In a break from traditional drug-approval procedures, health workers have gotten the OK to use experimental drugs from ongoing clinical trials to treat Ebola patients in West Africa. Global health authorities made the decision to allow pharmaceutical companies to test Ebola medicines on human patients in an attempt to quell the worst recorded outbreak of the often-fatal disease, which has already killed more than 8,000 people since March. 

“With every possible treatment comes hope, and we are very excited that we may be able to help our patients beyond symptom management and routine supportive treatments like IV fluid therapy,” said Brett Adamson, of Doctors Without Borders (MSF), in a Thursday press release.

MSF has been administering the drug brincidofovir since Jan. 2 at its treatment center in Monrovia, Liberia. The drug is being developed by Chimerix Inc., which is based in Durham, North Carolina. The company’s researchers have been studying the compound as a treatment for a handful of medical issues, including smallpox, for which it has received a “fast track” designation from the U.S. Food and Drug Administration. This is the first time the drug will be tested on humans with Ebola.

As part of the West Africa trials, any patient who tests positive for the virus can volunteer to take the experimental medication.
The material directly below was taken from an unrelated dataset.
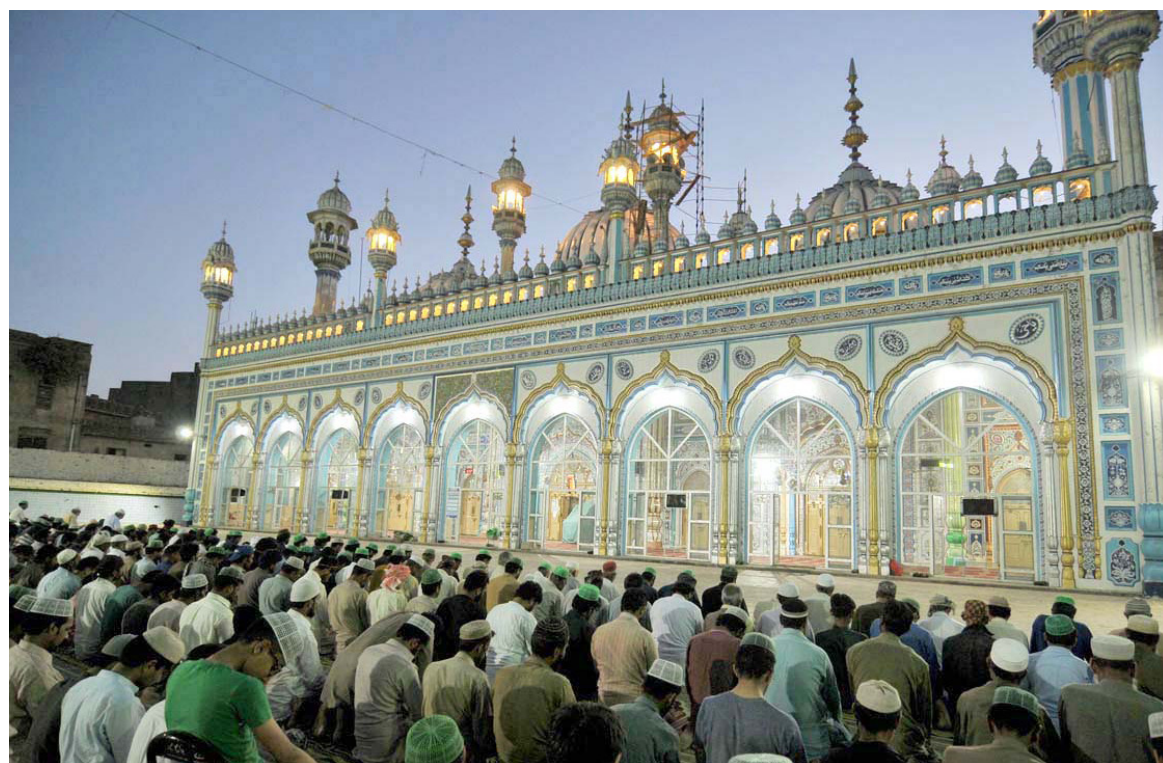
RAWALPINDI: Worshipers offering prayer in Markazi Jamia Masjid in the holy month of Ramazan-ul-Mubarak.

bean can be successfully grown as catch crop in rice-wheat cropping system to expand the area of cultivation and improve soil fertility. There was a great potential in central Punjab and Sindh to inter-crop mung bean with spring plant sugarcane, he said adding the government was also taking measures to promote production of pulses in order to reduce the reliance on imported leguminous. He further said that the mung bean would be grown over 172 thousand hectares in Punjab for producing about 162.8 thousand tons of the commodity, adding that in Sindh it would be sown over 2.8 thousand hectares to produce 6.3 thousand tons of the bean. APP

Unlike traditional drug trials where some patients receive a placebo version, all participants in the Ebola trials will be treated with the real drug.

“Randomizing patients to potentially receive a placebo was not considered ethical in the context of the current Ebola outbreak,” MSF said in a Thursday press release, noting that the results will be determined through comparison with patients treated at the clinic before brincidofovir was made available.
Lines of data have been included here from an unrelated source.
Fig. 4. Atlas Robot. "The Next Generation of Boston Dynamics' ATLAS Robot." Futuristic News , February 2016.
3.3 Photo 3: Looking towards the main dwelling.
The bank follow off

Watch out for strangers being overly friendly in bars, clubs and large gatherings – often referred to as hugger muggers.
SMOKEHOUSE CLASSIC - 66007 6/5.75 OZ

This is one of a rare few times when global health authorities have allowed doctors to use experimental drugs on patients. But experts say the current Ebola outbreak, which has killed more than 8,000 and affected more than 20,000 in Guinea, Sierra Leone and Liberia since March, merits an exception.

The World Health Organization noted in August that the West African outbreak is an “unprecedented” case, since local governments lacked the experience and infrastructure to deal with the virus, and there had been little research done on the disease in recent years.

“Before the outbreak, there was no commercial incentive to develop treatments or vaccines for filovirus diseases, and the lack of any such intervention has left public health authorities and clinicians in the affected countries with no specific prevention or treatment options, despite the fact that outbreaks have been occurring for nearly four decades,” the WHO said.

Since the Ebola outbreak began last year, Chimerix’s stock price has nearly doubled, even after experiencing a drop after the first American Ebola patient was treated with the company's drug but died soon after.

Chimerix is one of several pharmaceutical companies, including Tekmira Pharmaceuticals, Sarepta Therapeutics, NewLink Genetics and BioCryst Pharmaceuticals, that have seen their stocks rise in the past nine months as they scramble to find Ebola treatments or vaccines.